Question

DESeq2, sizeFactors in different comparisons; betaPrior=F

1

Entering edit mode

elenigeorgopoulou86 ▴ 10

@elenigeorgopoulou86-8300

Last seen 9.5 years ago

Austria

Hello!

I have 2 questions. The first one is regarding the sizeFactors.

I have the following sample groups:

1. control = no treatment: 5 biol. replicates

2. after 1h of treatment: 5 biol. replicates

3. after 2 h of the same treatment: 5 biol. replicates.

(summa summarum: 1 factor, 3 levels, 15 animals)

My task was to find DE genes between the groups. So I did pairwise comparisons: i.1 vs.2, ii.1vs.3 and iii.2 vs.3.

The sizeFactors were computed for the each comparison: it means that the normalized counts for samples from group1 can be different in e.g. comparisons i and ii.

My question is: is this wrong? Should I instead compute the sizeFactors for the all samples before testing, and not just for the compared ones?

The second question is regarding the analysis without an intercept, which I did here. Before 3-4 weeks, I did not get any error message when my design was without an intercept. But today, when I repeated the analysis, I got an error message:

betaPrior=TRUE can only be used if the design has an intercept.

if specifying + 0 in the design formula, use betaPrior=FALSE

So, I added in DESeq function an argument betaPrior=FALSE, and got the extended/different set of genes (e.g. under 5% FDR).

My 2nd question is just for sanity check: is there something changed in the code during this period of time, since my input hasn't changed, and I used the same code? If so, why betaPrior has to be =FALSE when the design is without an intercept?

Thank you in advance!

Eleni

deseq2 betaPrior=FALSE sizeFactors • 3.1k views

ADD COMMENT • link updated 9.5 years ago by Michael Love 43k • written 9.5 years ago by elenigeorgopoulou86 ▴ 10

score 2 · Answer 1 · 2015-07-01

1. " Should I instead compute the sizeFactors for the all samples before testing, and not just for the compared ones?"

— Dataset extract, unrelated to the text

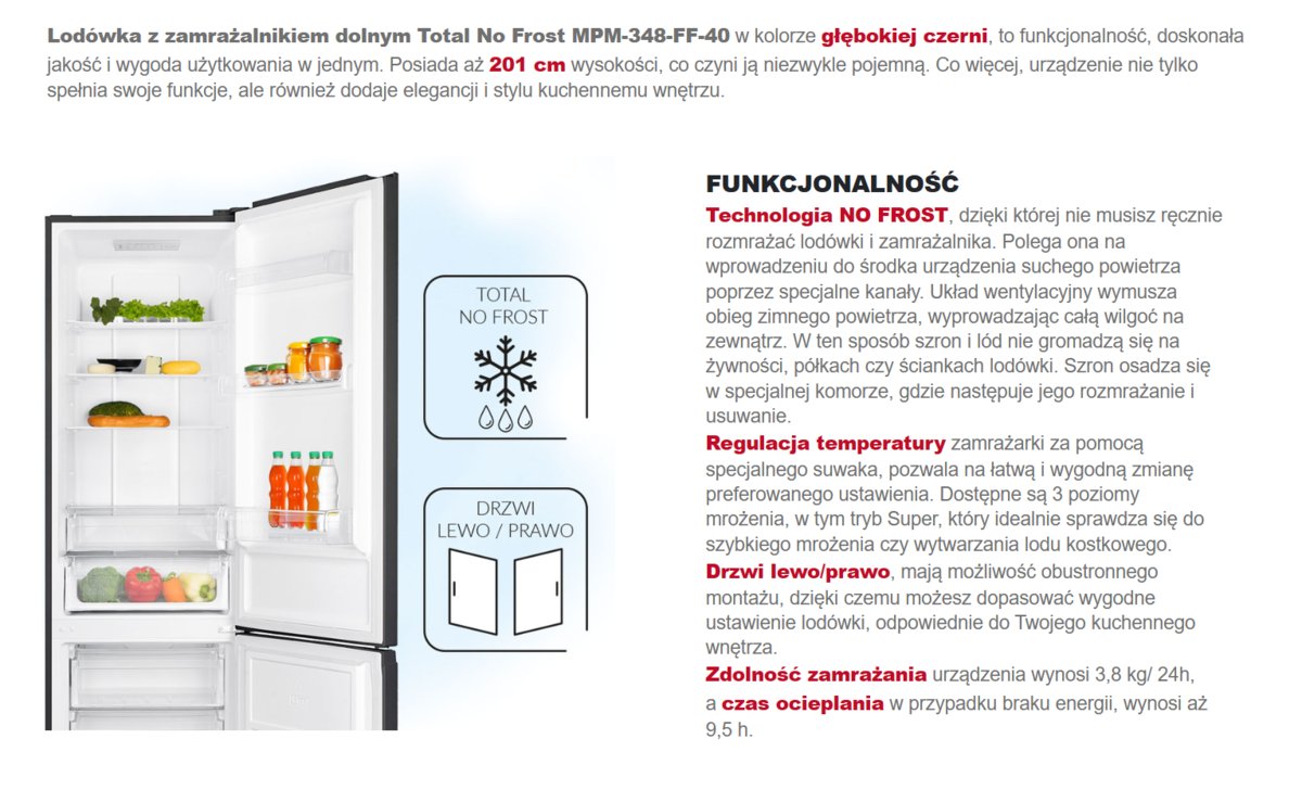 | Nazwa: | Lodówka MPM-348-FF-40 |

My typical recommendation would be to put all the groups into one DESeqDataSet, with a design ~condition, run DESeq() on the whole dds, and then extract comparisons like:

results(dds, contrast=c("condition","treatment1hr","control"))
results(dds, contrast=c("condition","treatment2hr","treatment1hr"))
etc.

The size factors will stay the same this way and there are more degrees of freedom for estimating the dispersion parameter.

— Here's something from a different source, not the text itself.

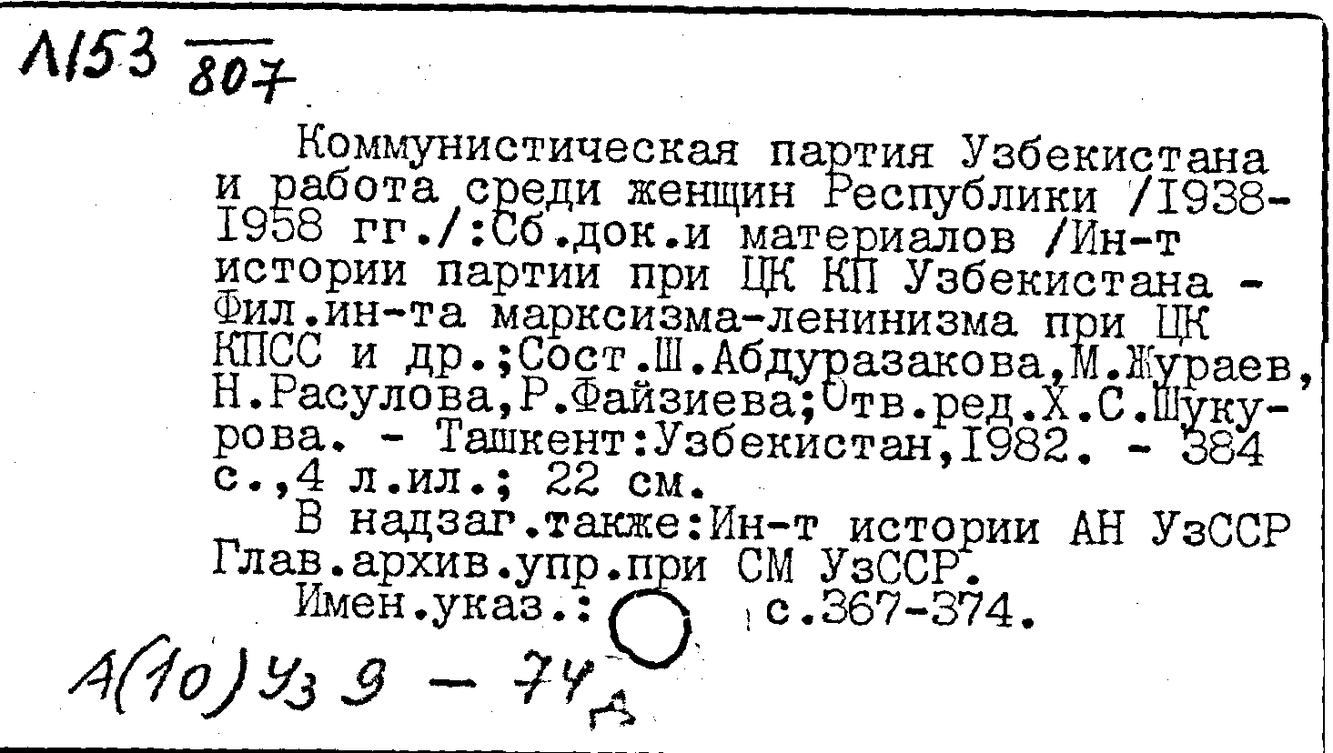 Книга: Коммунистическая партия Узбекистана и работа среди женщин Республики (1938-1958 гг.)

2. In version 1.6 (released October 2014), I added an error check, because this is a bad idea (to combine beta prior and a design without an intercept). I would have added this error check earlier if I had thought of the situation.

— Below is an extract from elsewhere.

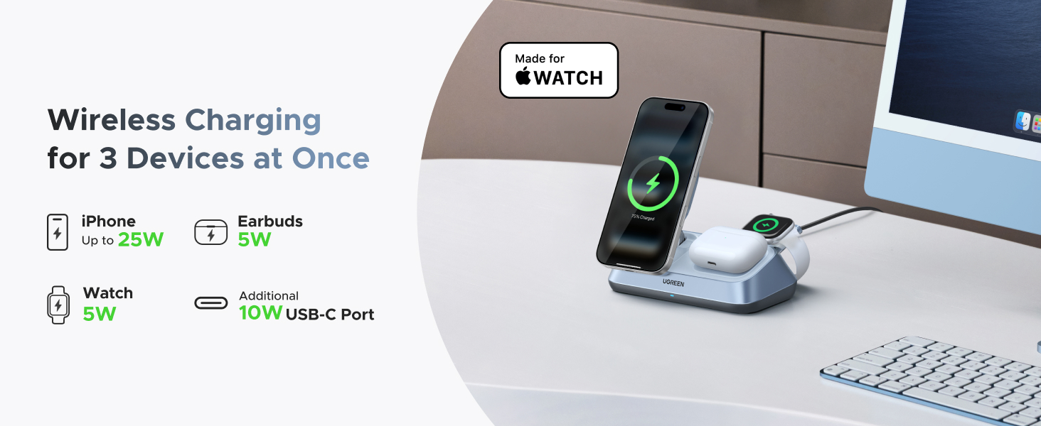 UGREEN MagFlow 3-in-1 Magnetic Wireless Desktop Charger 25W

The reason it's a bad idea is that, we want to shrink differences between samples. These are represented by the coefficients in the model that look like "conditionTreated", or "condition_Treated_vs_Control", when there is also a term "Intercept". However, when you remove the intercept term, the coefficients above no longer represent the differences between samples, but the vector from 0 to the group mean. We do not want to shrink these terms to zero. In the second case, shrinkage provides no statistical benefit while adding bias, whereas the shrinkage of differences (in models with an intercept) adds a little bias while reducing error. (See our paper for more intuition on the shrinkage of differences).